NCPA - National Center for Policy Analysis


December 17, 2004

Work is fine -- in its place. But hard-charging baby boomers have placed too high a priority on it, their kids seem to think. Generation X and Generation Y workers, who are younger than 40, are more likely than boomers to say they put family before jobs. And that's not just because their children are younger, says Ellen Galinsky, president of the Families and Work Institute in New York. There has been a real generational shift, she says.

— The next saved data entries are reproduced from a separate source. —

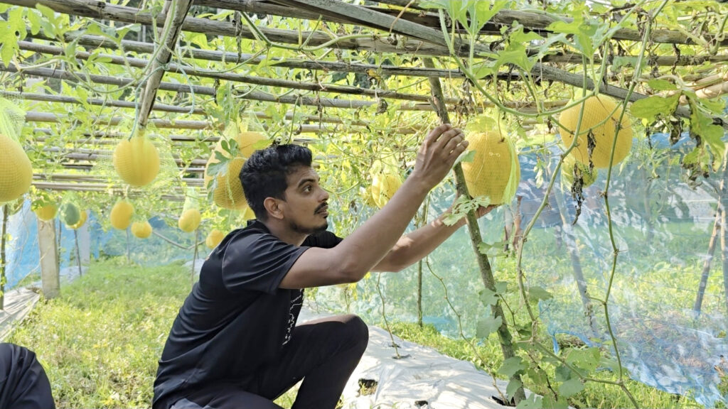 মৌলভীবাজারের জুড়ী উপজেলার গোয়ালবাড়ী ইউনিয়নের লাঠিটিলার ডোমাবাড়ি গ্রামের তরুণ উদ্যোক্তা খোর্শেদ আলম। ব্যতিক্রমী সব ফসল চাষ করায় অতি আগ্রহী এক কৃষক। এবার পরীক্ষামূলকভাবে প্রথমবারের মতো চাষ করলেন সানগোল্ড নামের আকর্ষণীয় হলুদ তরমুজ। বীজপাতা কোম্পানির আবিষ্কৃত নতুন এই প্রজাতির তরমুজ দেখতে যেমন সুন্দর স্বাদ ও তেমন সুমিষ্ট। এলাকায় সাধারণ ক্রেতাদের কাছে সুস্বাদু এই ফলের চাহিদাও অনেক বেশি। সোশ্যাল মিডিয়ায় দেখে এই তরমুজ সরাসরি দেখতে এবং স্বাদ নিতে বিভিন্ন এলাকা থেকে মানুষ ছুটে গেছেন। অনেকেই প্রথম দেখেছেন এই ফল এবং খেয়েছেনও। তরমুজ চাষ দেখতে আসা জিল্লু আহমেদ বলেন, আমাদের উপজেলার সীমান্তবর্তী এলাকায় এমন ব্যতিক্রমী ফসলের চাষ আসলেই সুন্দর। আমি এই তরমুজ খেয়েছি, এটি দেখতে যেমন ভিন্ন তেমনি স্বাদও মিষ্টি, আমি বাড়িতেও নিয়ে যাব এই তরমুজ। তরমুজ নিতে আসা আমিরাত প্রবাসী সাইফুল্লাহ হাসান বলেন, আমি একজন প্রবাসী। আমরা তরুণরা সবসময় চিন্তা করি কীভাবে দেশত্যাগ করা যায়, দেশে থেকে কি করব। আমি মনে করি এই মনোভাব বদলে যেকোনো তরুণ পতিত জমিতে কৃষিময় এমন নতুন নতুন উদ্যোগ নিলে আর নিজের শ্রম টুকু দিলে খোর্শেদ আলম ভাইয়ের মতো সফল হতে পারবে। তরুণ উদ্যোক্তা ও কৃষক খোর্শেদ আলম বলেন, আমি পরীক্ষামূলকভাবে চাষ করি এই প্রজাতির তরমুজ। অনেক ভালো ফলনও পেয়েছি, আগামীতে বাণিজ্যিকভাবে করার প্ল্যান আছে। আমাদের এই এলাকার জমিগুলো তরমুজ চাষের জন্য উপযুক্ত। আমি চাই আমার মতো তরুণরা কৃষিতে ঝুঁকুক, কৃষিখাতে পরিশ্রম করলে দেশেই অনেক কিছু করা সম্ভব। এছাড়াও এখন কৃষি অফিসও কৃষকদের সর্বদা সহযোগিতা করে, সেক্ষেত্রে নতুনরাও শিখবে এবং কৃষিখাত থেকে লাভবান হবে।
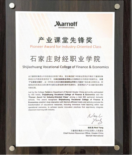 在11月6日下午举行的颁奖典礼上,KY开元凭借在酒店管理专业“产业课堂”建设与校企协同育人方面的突出成果,荣获万豪国际集团颁发的“产业课堂先锋奖”。该奖项是对KY开元长期以来积极推进产教融合、深化校企合作、创新人才培养模式的高度认可,也体现了KY开元在酒店职业教育领域的引领作用与示范价值。
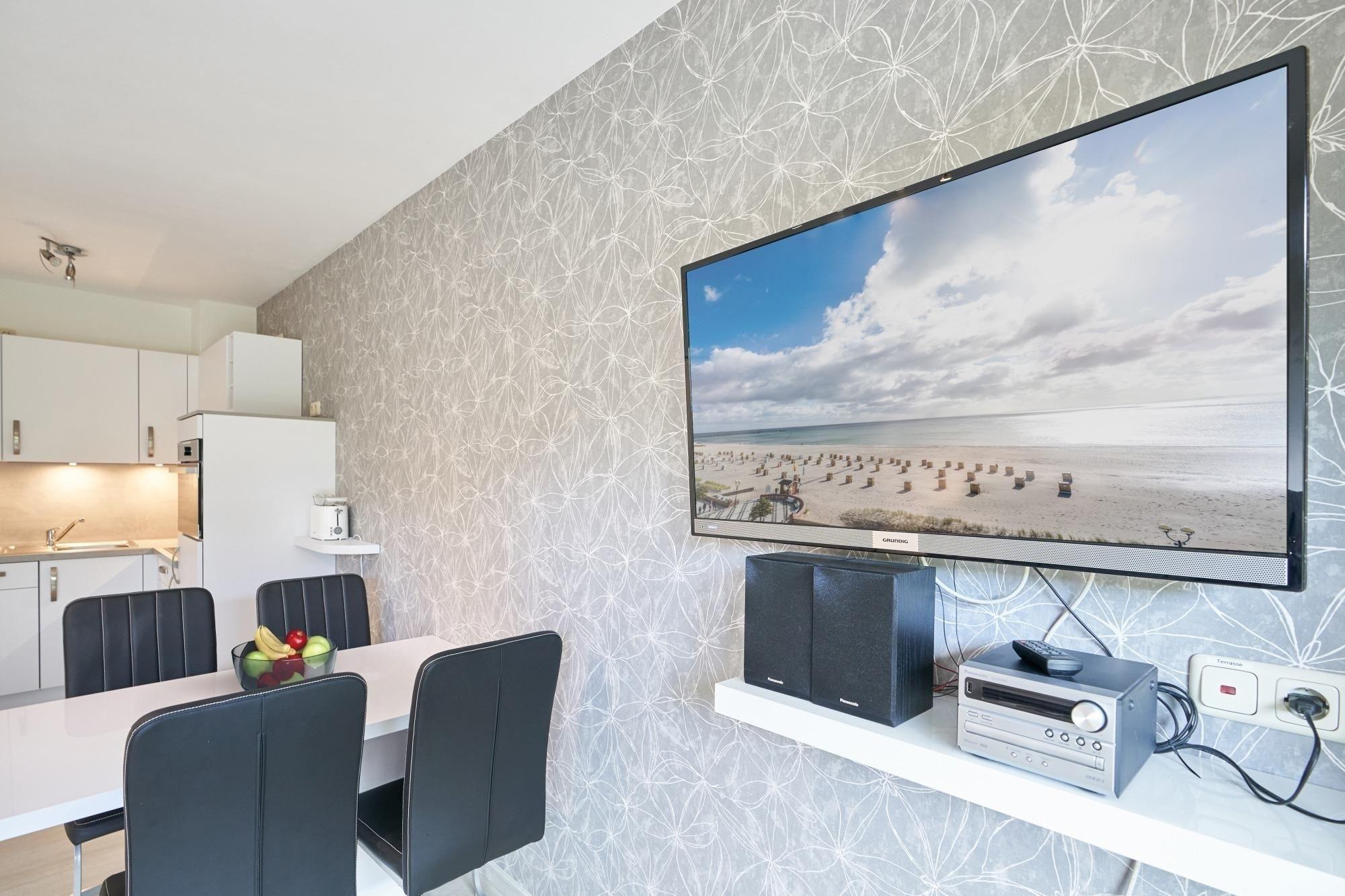 Das Haus ist folgendermaßen ausgestattet: Ein Wohnraum mit integrierter, voll ausgestatteter Küche, ein modernes Duschbad sowie zwei separate Schlafzimmer im Obergeschoss. Ein Schlafzimmer ist mit einem Doppelbett (2x 90x200 cm) ausgestattet, ein weiteres Schlafzimmer verfügt über zwei separat stehende Einzelbetten (je 90x200 cm). Die voll ausgestattete Küche mit Mikrowellen-/ Backofenkombigerät und Geschirrspüler lässt keine Wünsche offen. Alles ist gemütlich und geschmackvoll aufeinander abgestimmt. Das Haus liegt sehr ruhig in einer Stichstraße aber dennoch zentral mit sämtlichen Einkaufsmöglichkeiten in Ihrer Nähe. Ein PKW Stellplatz und Kabel TV mit DVBT sind ebenfalls vorhanden. Genießen Sie die Ruhe, spüren Sie die Erholung und genießen die Tage in Dahme in Ihrem Haus.
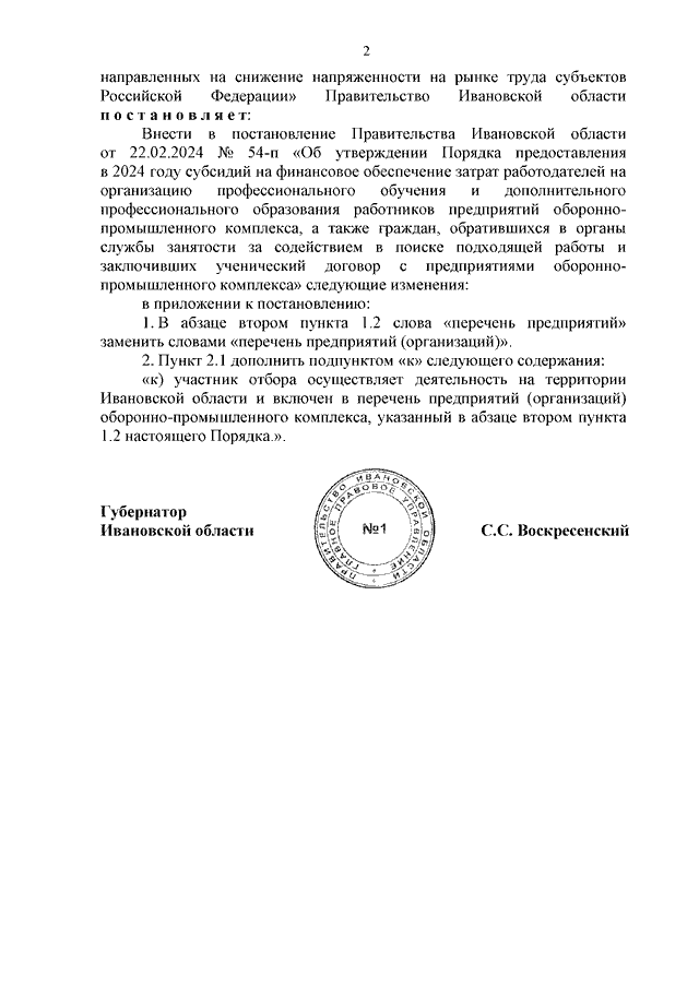 Постановление Правительства Ивановской области от 18.07.2024 N 315-п "О внесении изменений в постановление Правительства Ивановской области от 22.02.2024 N 54-п "Об утверждении Порядка предоставления в 2024 году субсидий на финансовое обеспечение затрат работодателей на организацию профессионального обучения и дополнительного профессионального образования работников предприятий оборонно-промышленного комплекса, а также граждан, обратившихся в органы службы занятости за содействием в поиске подходящей работы и заключивших ученический договор с предприятиями оборонно-промышленного комплекса"
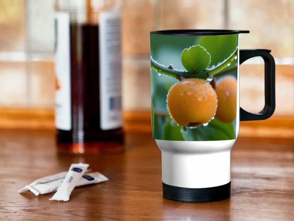 10 цен на Тремокружка для авто с принтом "Абрикосы, покрытые росой ранним утром" 0.5 л.
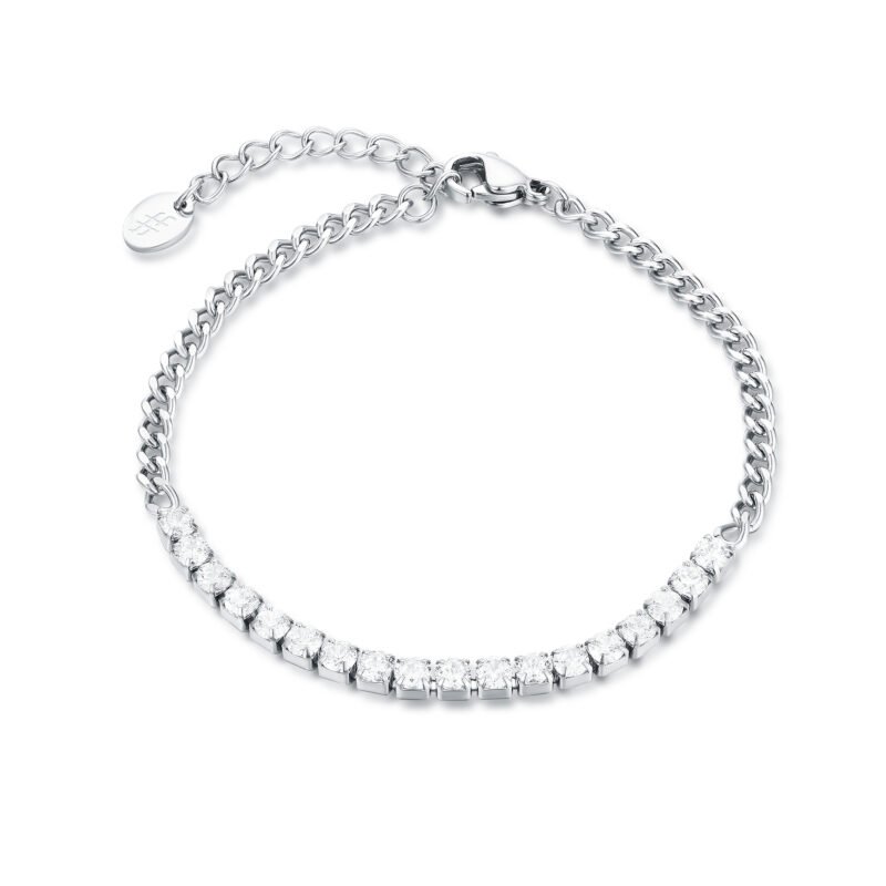 Bracciale Tennis Cristalli Bianchi 3mm catena grumetta da 3mm

According to the institute:

  • Both sexes are more accepting than ever of working mothers.
  • Among younger workers, "job success at any cost" has become less appealing.
  • In two-parent homes, children get more time with their parents than they did 25 years ago; mothers do about as much child care as they used to, but fathers are doing more.

Meanwhile, flexibility at work is a prized benefit for young working moms, according to another recent survey by Galinsky's institute.

  • On a scale of 1 to 10 (with 10 most valued), employed mothers gave flexibility a 9.2 and advancement 5.5.
  • That's not to say working mothers are quitting in droves to go home; even if they wanted to, most can't afford it.
  • Single-mother households have grown in the past decade; plus, about one-third of wives earn more than their husbands do, says economist Myra Strober.
  • More than half of infants' mothers have jobs, and about three out of four women work if their kids are ages 8 or older, federal figures show.